Dataset excerpts START

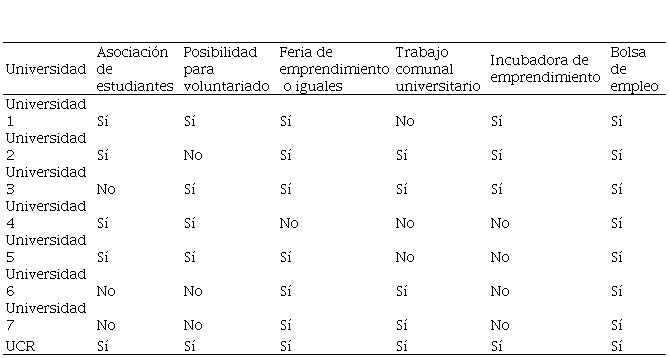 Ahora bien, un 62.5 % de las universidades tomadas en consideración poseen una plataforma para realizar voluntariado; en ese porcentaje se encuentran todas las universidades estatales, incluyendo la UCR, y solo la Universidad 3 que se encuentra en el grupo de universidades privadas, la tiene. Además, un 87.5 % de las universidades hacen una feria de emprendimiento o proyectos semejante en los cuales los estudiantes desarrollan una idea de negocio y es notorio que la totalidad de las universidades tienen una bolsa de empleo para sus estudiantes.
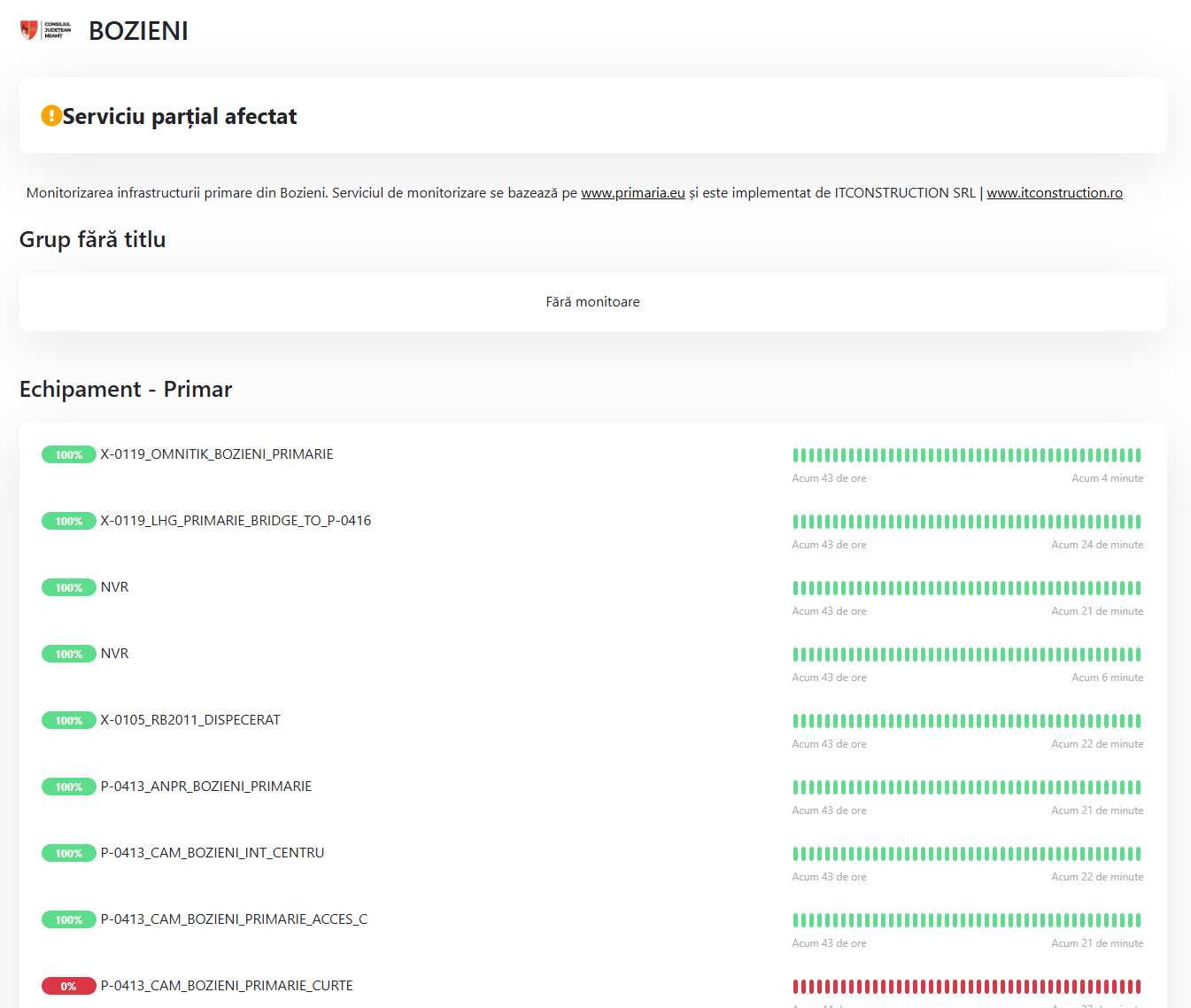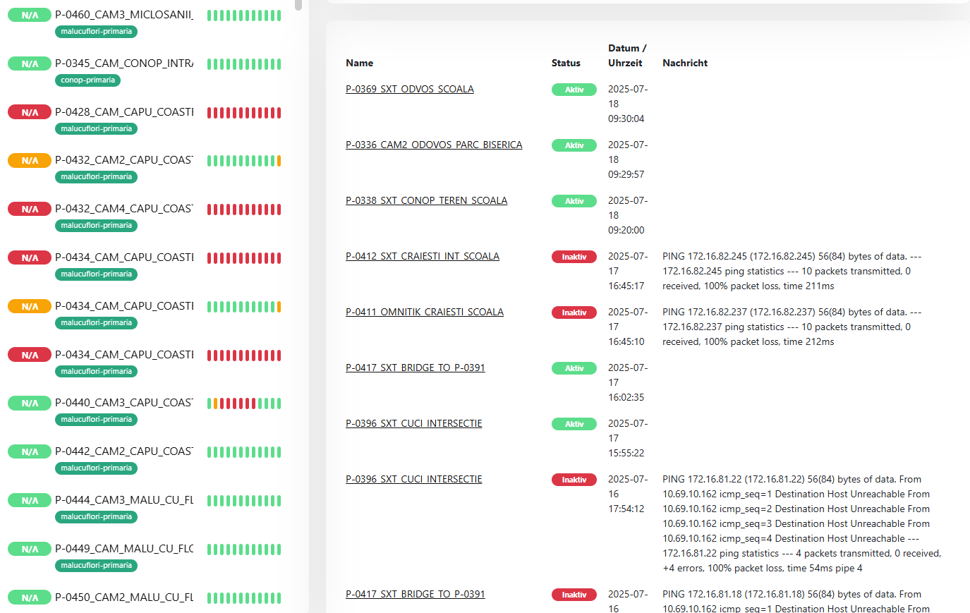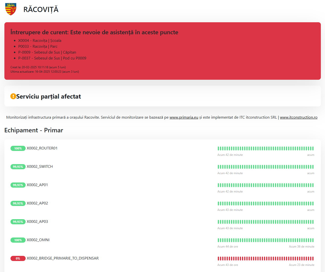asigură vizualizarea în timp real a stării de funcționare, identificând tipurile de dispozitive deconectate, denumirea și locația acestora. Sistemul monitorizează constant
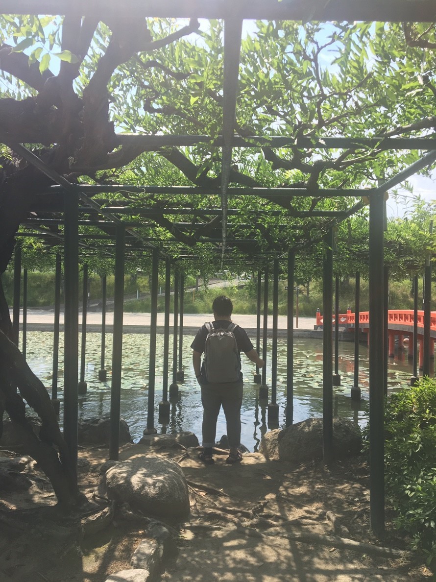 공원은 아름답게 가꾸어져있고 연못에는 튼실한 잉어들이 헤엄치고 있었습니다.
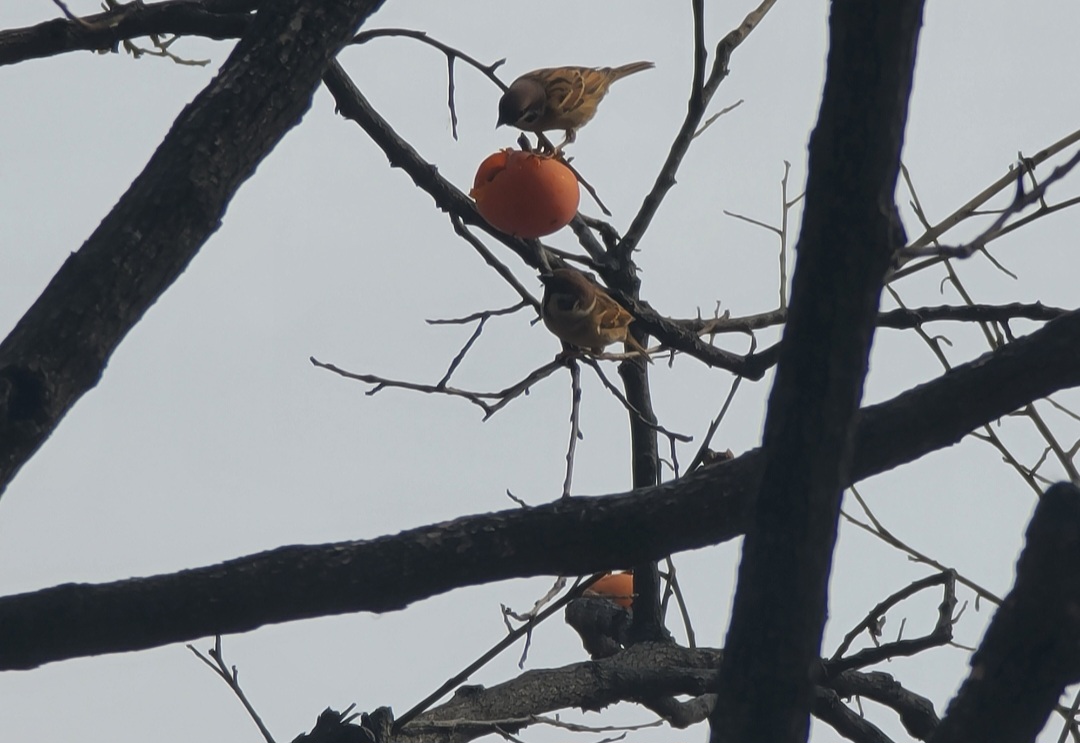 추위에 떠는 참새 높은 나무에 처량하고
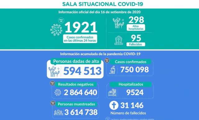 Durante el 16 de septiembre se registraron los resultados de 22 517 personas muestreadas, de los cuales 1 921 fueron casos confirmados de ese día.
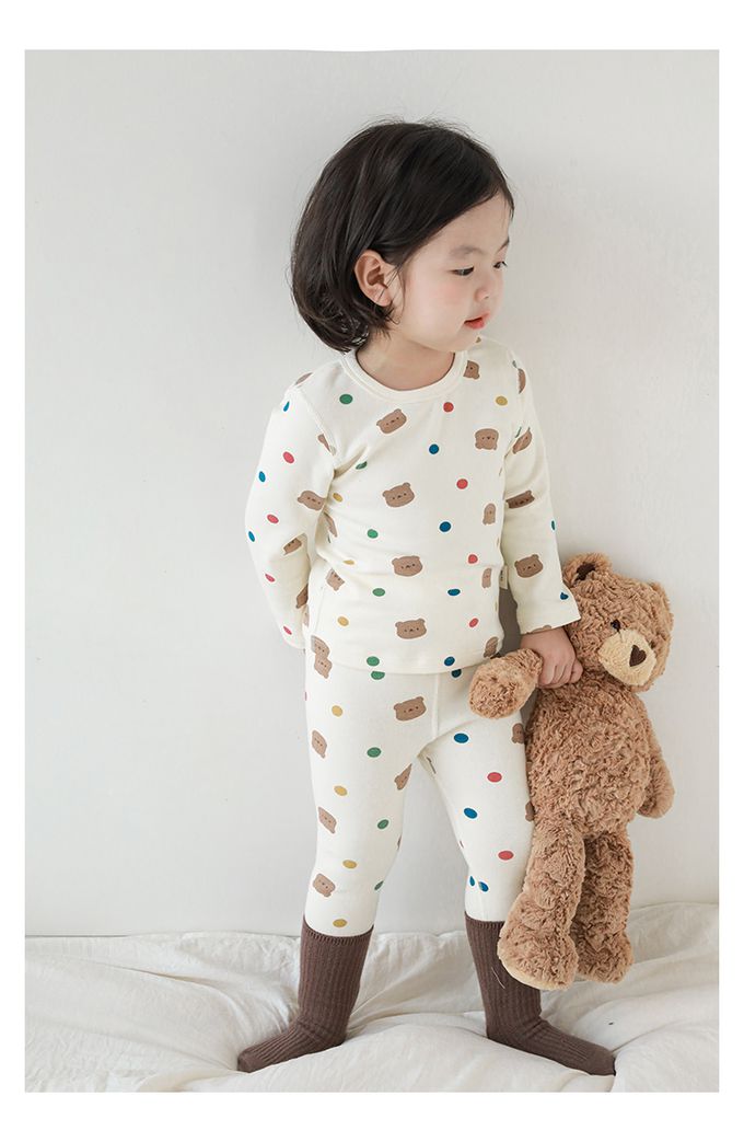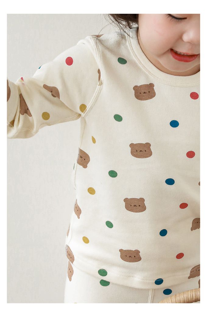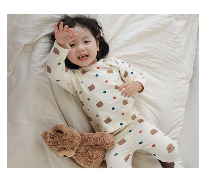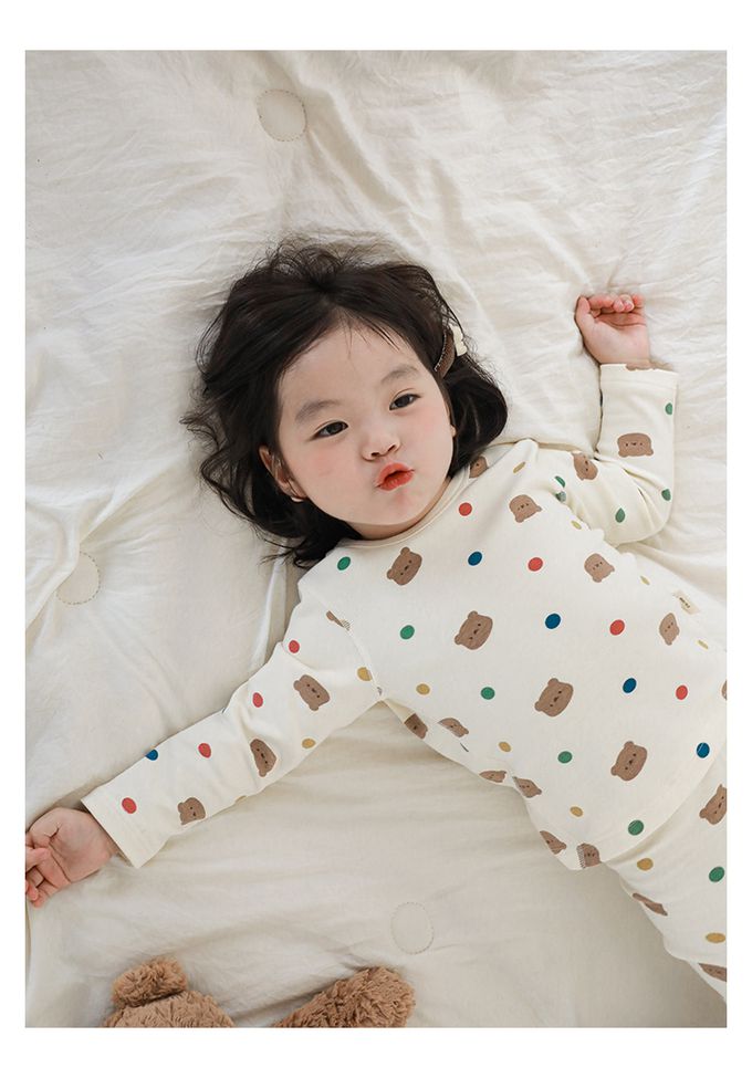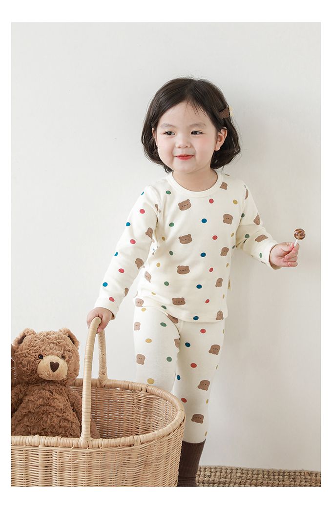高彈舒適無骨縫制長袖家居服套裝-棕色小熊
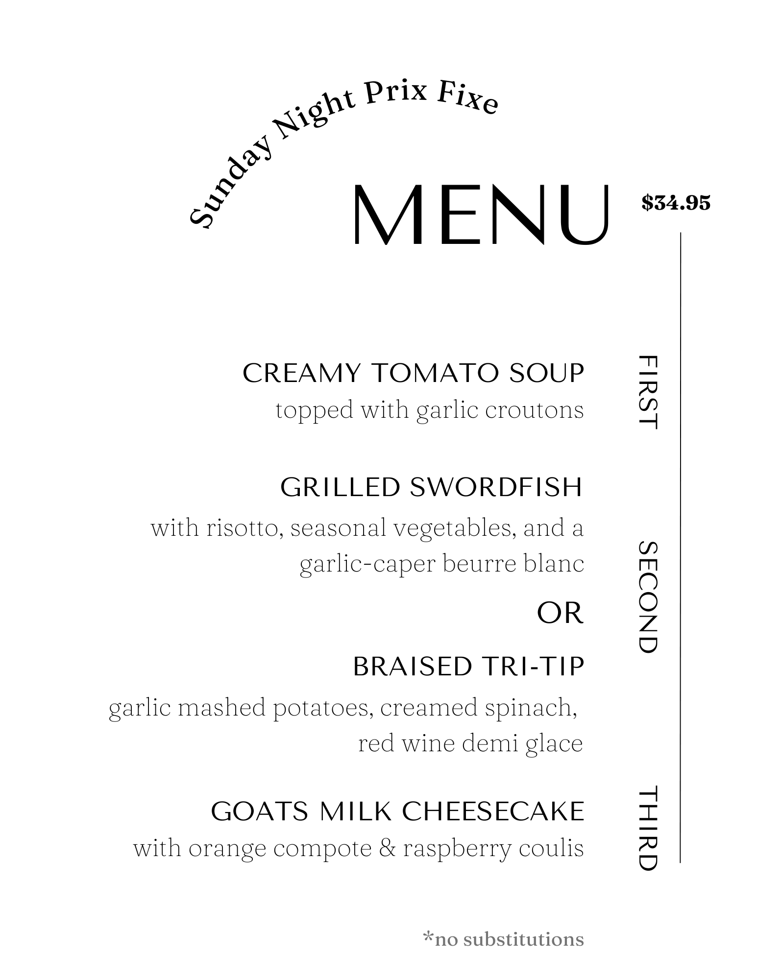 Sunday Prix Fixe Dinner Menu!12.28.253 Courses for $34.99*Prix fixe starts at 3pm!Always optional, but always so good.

Dataset excerpts END

#### Your task
With the pictures set aside, return each line of the listing exactly as given.

#### Completed exercise
 Ahora bien, un 62.5 % de las universidades tomadas en consideración poseen una plataforma para realizar voluntariado; en ese porcentaje se encuentran todas las universidades estatales, incluyendo la UCR, y solo la Universidad 3 que se encuentra en el grupo de universidades privadas, la tiene. Además, un 87.5 % de las universidades hacen una feria de emprendimiento o proyectos semejante en los cuales los estudiantes desarrollan una idea de negocio y es notorio que la totalidad de las universidades tienen una bolsa de empleo para sus estudiantes.
asigură vizualizarea în timp real a stării de funcționare, identificând tipurile de dispozitive deconectate, denumirea și locația acestora. Sistemul monitorizează constant
 공원은 아름답게 가꾸어져있고 연못에는 튼실한 잉어들이 헤엄치고 있었습니다.
 추위에 떠는 참새 높은 나무에 처량하고
 Durante el 16 de septiembre se registraron los resultados de 22 517 personas muestreadas, de los cuales 1 921 fueron casos confirmados de ese día.
高彈舒適無骨縫制長袖家居服套裝-棕色小熊
 Sunday Prix Fixe Dinner Menu!12.28.253 Courses for $34.99*Prix fixe starts at 3pm!Always optional, but always so good.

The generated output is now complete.